Visible from space, the Okavango Delta is Africa's largest remaining intact wetland wilderness. This shining delta in landlocked Botswana is the jewel of the Kalahari, more valuable than diamonds to the world's largest diamond producer and celebrated in 2014 as our planet's 1000th UNESCO World Heritage Site. Now, what you see here are the two major tributaries, the Cuito and the Cubango, disappearing up north into the little-known Angolan highlands. This is the largest undeveloped river basin on the planet, spanning an area larger than California. These vast, undeveloped Angolan watersheds were frozen in time by 27 years of civil war. In fact, Africa's largest tank battle since World War II was fought over a bridge crossing the Okavango's Cuito River. There on the right, disappearing off into the unknown, into the "Terra do fim do mundo"—the land at the end of the earth, as it was known by the first Portuguese explorers.
In 2001, at the age of 22, I took a job as head of housekeeping at Vundumtiki Camp in the Okavango Delta...a patchwork mosaic of channels, floodplains, lagoons and thousands upon thousands of islands to explore. Home to the largest remaining population of elephants on the planet. Rhinos are airlifted in C130s to find sanctuary in this wilderness. Lion, leopard, hyena, wild dog, cheetah, ancient baobab trees that stand like cathedrals under the Milky Way. Here, I discovered something obvious: wilderness is our natural habitat, too. We need these last wild places to reconnect with who we really are. We—all seven billion of us—must never forget we are a biological species forever bound to this particular biological world. Like the waves connected to the ocean, we cannot exist apart from it—a constant flow of atoms and energy between individuals and species around the world in a day and out into the cosmos. Our fates are forever connected to the millions of species we rely on directly and indirectly every day.
Four years ago, it was declared that 50 percent of all wildlife around the world had disappeared in just 40 years. This is a mass drowning of 15,000 wildebeests that I witnessed in the Maasai Mara two years ago. This is definitely our fault. By 2020, global wildlife populations are projected to have fallen by a staggering two-thirds. We are the sixth extinction because we left no safe space for millions of species to sustainably coexist.
Now, since 2010, I have poled myself eight times across the Okavango Delta to conduct detailed scientific surveys along a 200-mile, 18-day research transect. Now, why am I doing this? Why am I risking my life each year? I'm doing this because we need this information to benchmark this near-pristine wilderness before upstream development happens.

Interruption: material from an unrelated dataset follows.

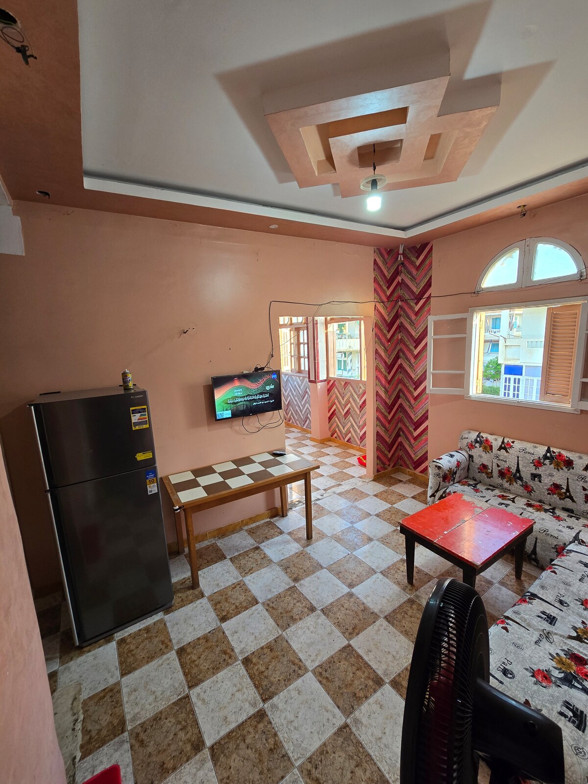 Charming design, view and location. The apartment provides all the pleasures and perks. A fully furnished private residence. Perfect for weekend getaways, business trips and work from home or cozy home base while exploring everything in ras el bar and damietta. Unbeatable location 5 mins walk to beach and pool with access to restaurant, cafe, mosque and market. 5 mins drive to nearby aquapark, circus and amusement park 10 mins drive to city center 20 mins to damietta 30 mins to New Damietta

These are the Wayeyi river bushmen, the people of the Okavango Delta. They have taught me all I know about the Mother Okavango—about presence in the wild. Our shared pilgrimage across the Okavango Delta each year in our mokoros or dugout canoes—remembers millenia living in the wild. Ten thousand years ago, our entire world was wilderness. Today, wilderness is all that remains of that world, now gone. Ten thousand years ago, we were as we are today: a modern, dreaming intelligence unlike anything seen before. Living in the wilderness is what taught us to speak, to seek technologies like fire and stone, bow and arrow, medicine and poison, to domesticate plants and animals and rely on each other and all living things around us. We are these last wildernesses—every one of us.
Over 80 percent of our planet's land surface is now experiencing measurable human impact: habitat destruction and illegal wildlife trade are decimating global wildlife populations. We urgently need to create safe space for these wild animals. So in late 2014, we launched an ambitious project to do just that: explore and protect. By mid-May 2015, we had pioneered access through active minefields to the undocumented source lake of the Cuito River—this otherworldly place; an ancient, untouched wilderness. By the 21st of May, we had launched the Okavango megatransect...in seven dugout canoes; 1,500 miles, 121 days later, all of the poling, paddling and intensive research got us across the entire river basin to Lake Xau in the Kalahari Desert, 480 kilometers past the Okavango Delta.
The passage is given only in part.